Like a large swath of the Internet, I have become increasingly obsessed with the nonsensical tweets of the @horse_ebooks spambot twitter account (if you don’t know what I’m talking about, here are some links: Know Your Meme; The Ballad of @Horse_ebooks; The Human Being Behind @Horse_ebooks; and the Web Comic). I also love the @nytimes twitter account, which is now 5 years old and over 5 million followers strong. I felt like it would be fun to do something silly to commemorate how far @nytimes has come…
And thus, @nytimes_ebooks was born.
If you are interested, this is how it works. First though, I must restate my usual caveat: I am a developer at the New York Times who works on twitter (among other things), but this is NOT an official project of the NY Times or part of our twitter strategy. Silly to have to declare this, but I don’t want to see any blog posts leaping to conclusions about such a silly topic.
Anyhow, if you are curious, this is how it works:
- On a cron job, I grab the RSS feed for the New York Times homepage and look for new articles.
- I have some code to grab the article text whether it’s an article or a blog post.

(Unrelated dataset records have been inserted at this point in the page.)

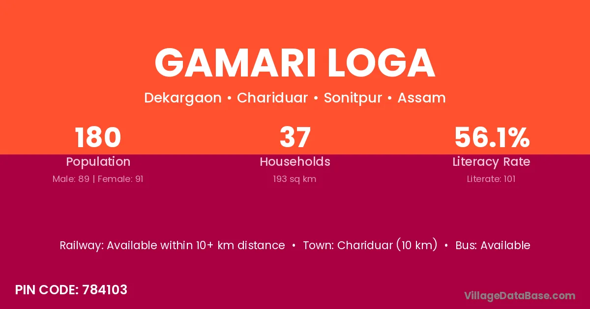 Chariduar (10 km) is the nearest town to Gamari Loga village for major economic activities and is located approximately 10 km away.
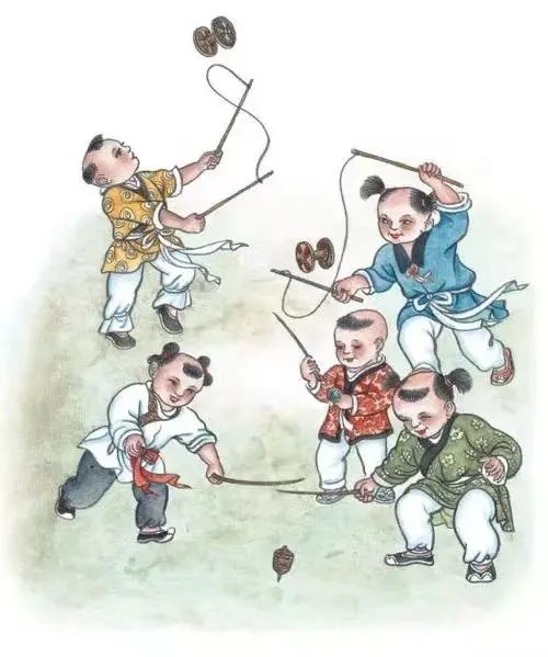 二人三足一条心抖空竹
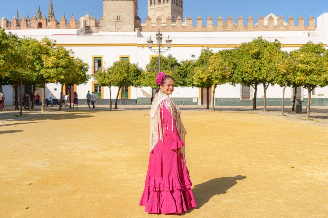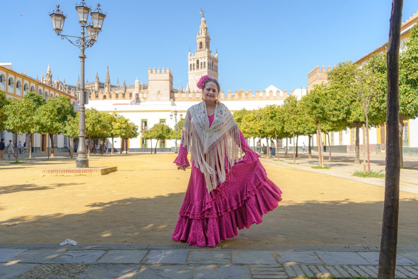 Traje de flamenca de Micaela Villa. Vestido de corte evassé confeccionado en jackard de poliester con diseño de lunares de 20 mm. El patrón con corte de nejas esta adornado con un gran volante de capa en el bajo y dos volantes pequeños que suben en espiral hacia uno de las costuras laterales.
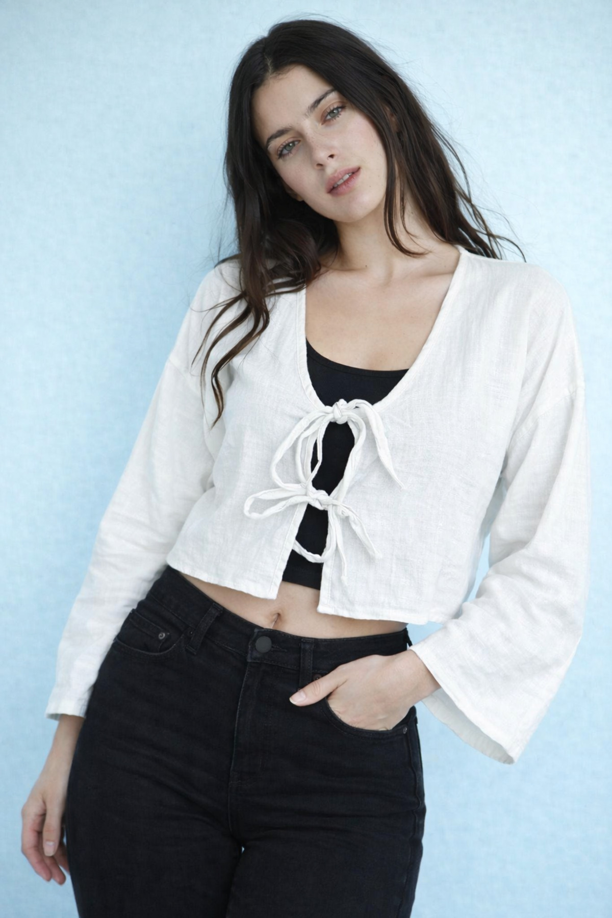 HAKKE Front Tie Blouse features

- I then extract quotes I find in the text; these are usually a lot more colorful than the rest of the article (better for ebookification)
- This is fed into a Markov Chainer which then spits out a sentence. I set the order to be 1 to make it more nonsensical.
- Then I do a few stylistic tweaks to match the @horse_ebooks style: replace apostrophes with spaces, truncate the last word of sentences if preceded by a preposition. It’s the little things that make the difference.
- Of course, I also append a shortened URL so you can see where the text came from.
I’m still tweaking things, but it’s remarkable how compelling the text generated from this approach can be, especially since a low-ordered Markov generation is more prone to looping and nonsense. All of which makes for a fun hack.